--- START ---

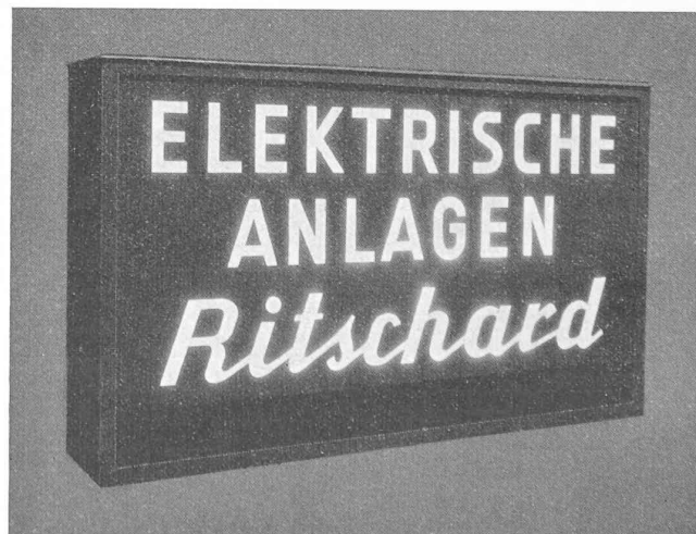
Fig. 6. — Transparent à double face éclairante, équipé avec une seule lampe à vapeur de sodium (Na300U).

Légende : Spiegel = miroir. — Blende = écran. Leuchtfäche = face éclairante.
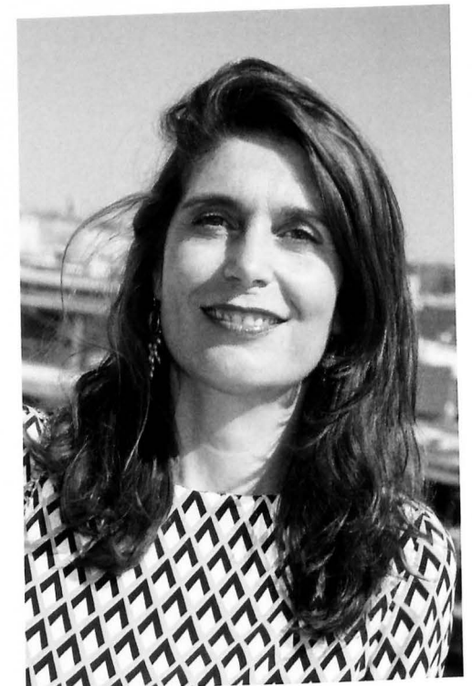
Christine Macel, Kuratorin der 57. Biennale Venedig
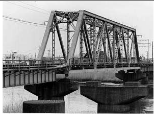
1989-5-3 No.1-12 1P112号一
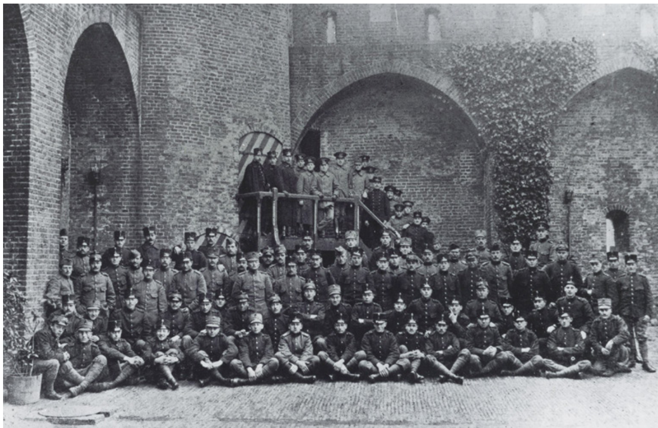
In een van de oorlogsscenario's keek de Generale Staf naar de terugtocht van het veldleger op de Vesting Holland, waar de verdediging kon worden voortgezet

--- END ---
--- START ---

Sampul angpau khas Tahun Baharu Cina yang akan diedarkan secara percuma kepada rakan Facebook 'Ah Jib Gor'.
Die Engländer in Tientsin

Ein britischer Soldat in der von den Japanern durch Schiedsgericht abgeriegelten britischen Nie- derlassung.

--- END ---

-- Assignment --
Copy word for word the lines above, starting at the line containing "Christine Macel, Kuratorin" and ending at the line containing "In een van de", inclusive, with no pictures.

-- Answer to this problem --
Christine Macel, Kuratorin der 57. Biennale Venedig
1989-5-3 No.1-12 1P112号一
In een van de oorlogsscenario's keek de Generale Staf naar de terugtocht van het veldleger op de Vesting Holland, waar de verdediging kon worden voortgezet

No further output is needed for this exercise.